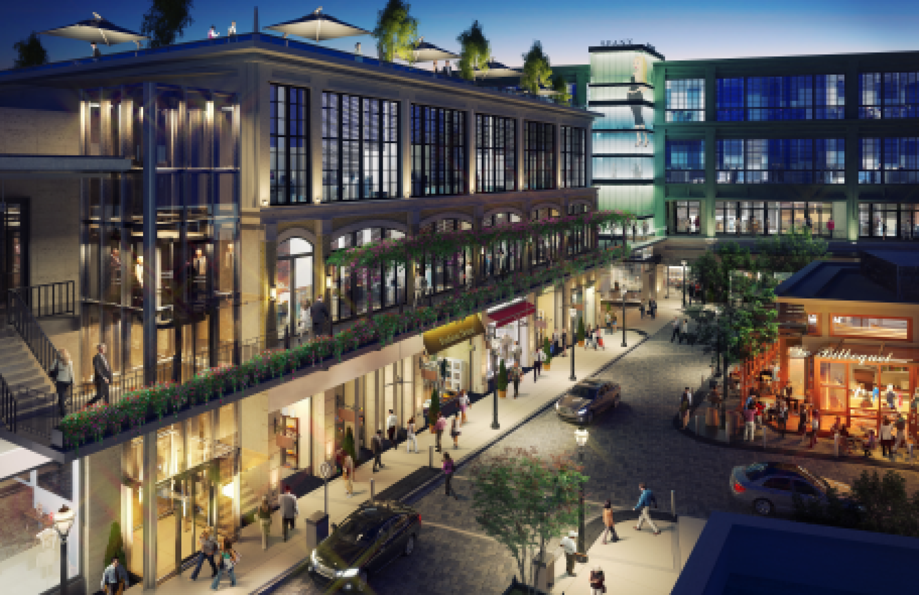 Each of the parking decks at the massive development will feature an automated lighting system which shows which spaces are open.
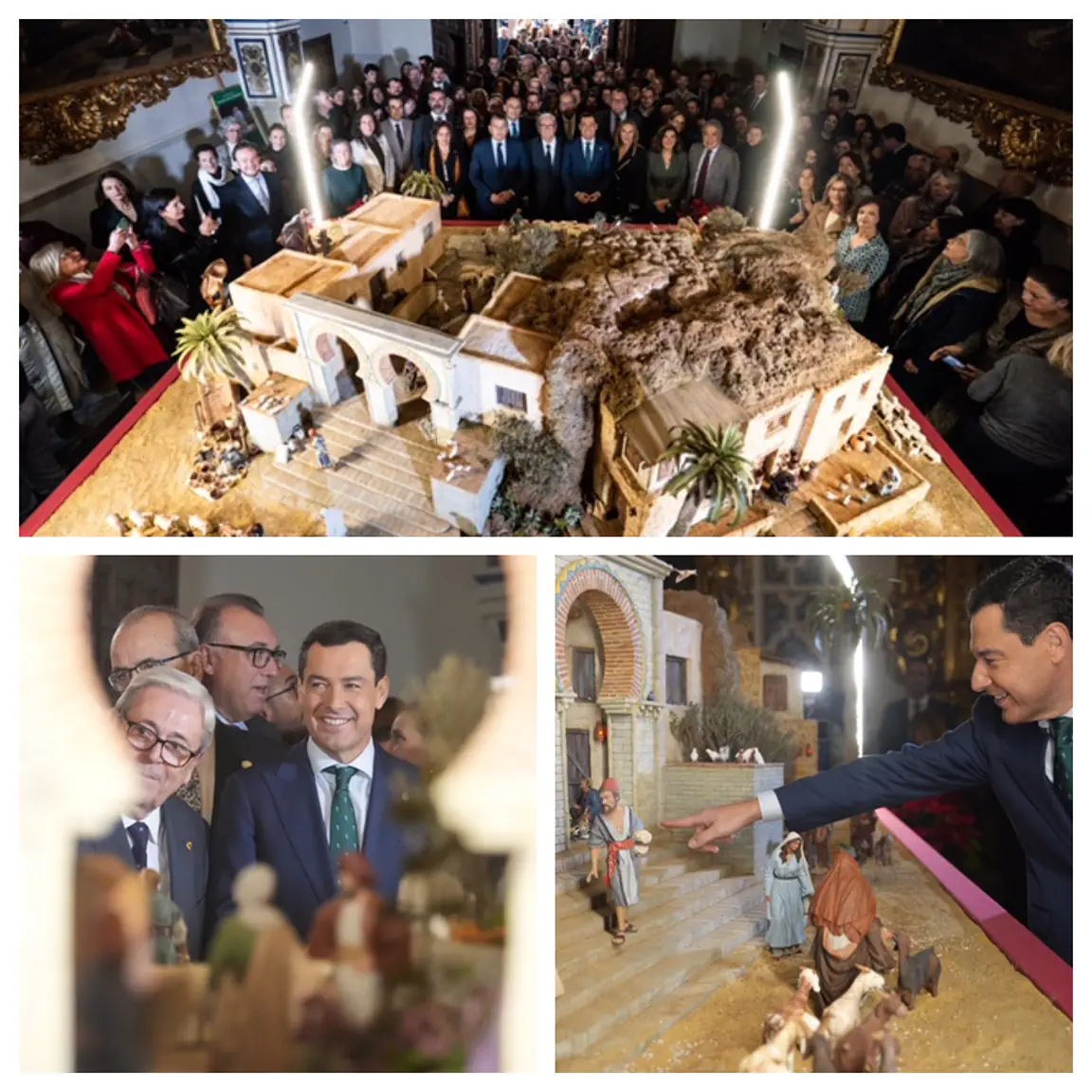 El presidente de la Junta, Juanma Moreno, ha inaugurado hoy el Belén del Palacio de San Telmo y ha agradecido la colaboración de la Asociación Belenista de Málaga ‘La Alcazaba’, una entidad presidida por Bernardo Herrera y que en 2024 cumple diez años de pasión, oficio y de artesanía.
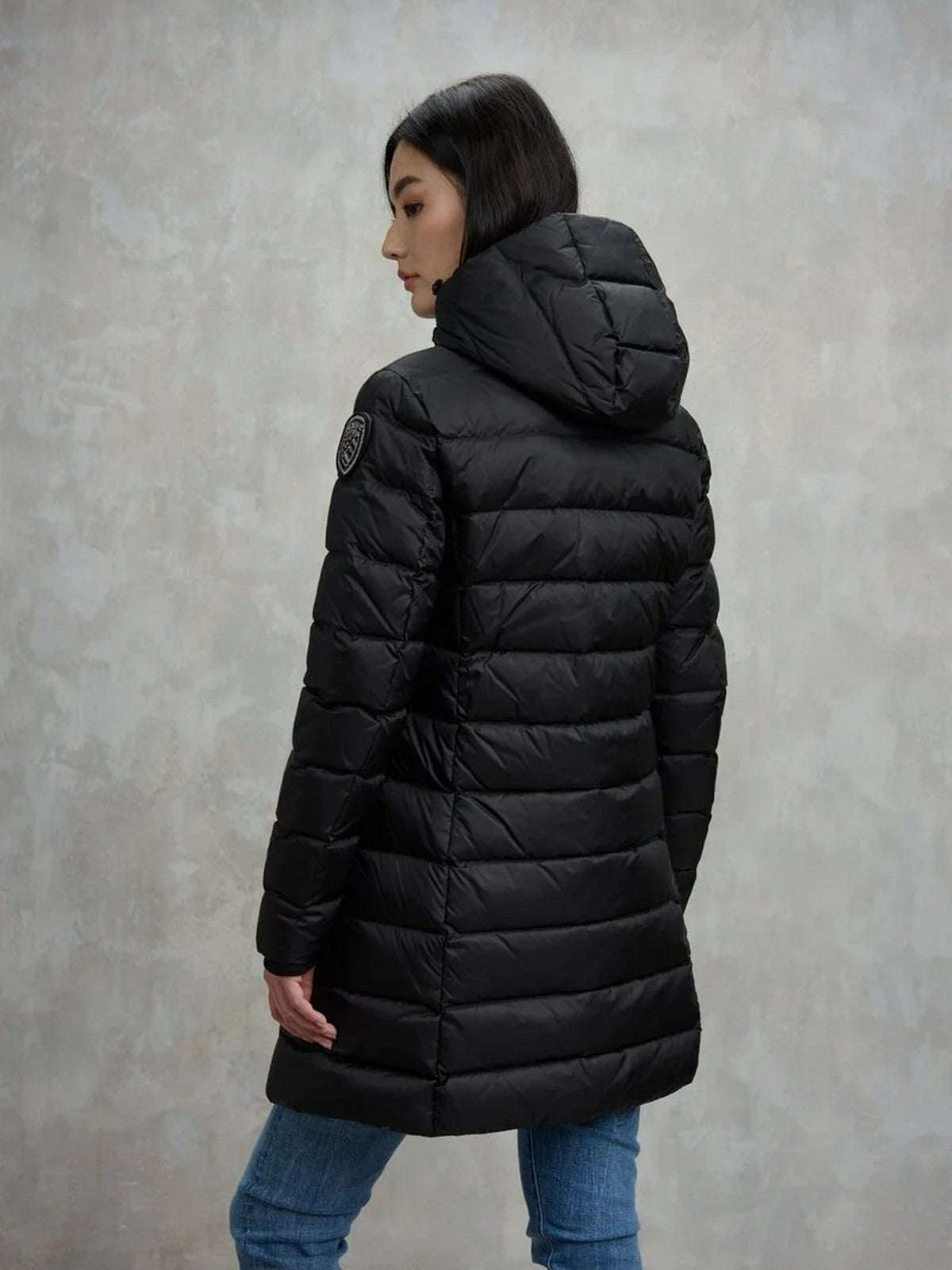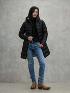 Piumino lungo donna BLAUER trapuntato a righe orizzontali ed interno in contrasto colore.

# What needs to be done
Pictures stay out; output the lines from the top of the listing above through the line containing "El presidente de", exactly as they stand.

# Output of the exercise
 Each of the parking decks at the massive development will feature an automated lighting system which shows which spaces are open.
 El presidente de la Junta, Juanma Moreno, ha inaugurado hoy el Belén del Palacio de San Telmo y ha agradecido la colaboración de la Asociación Belenista de Málaga ‘La Alcazaba’, una entidad presidida por Bernardo Herrera y que en 2024 cumple diez años de pasión, oficio y de artesanía.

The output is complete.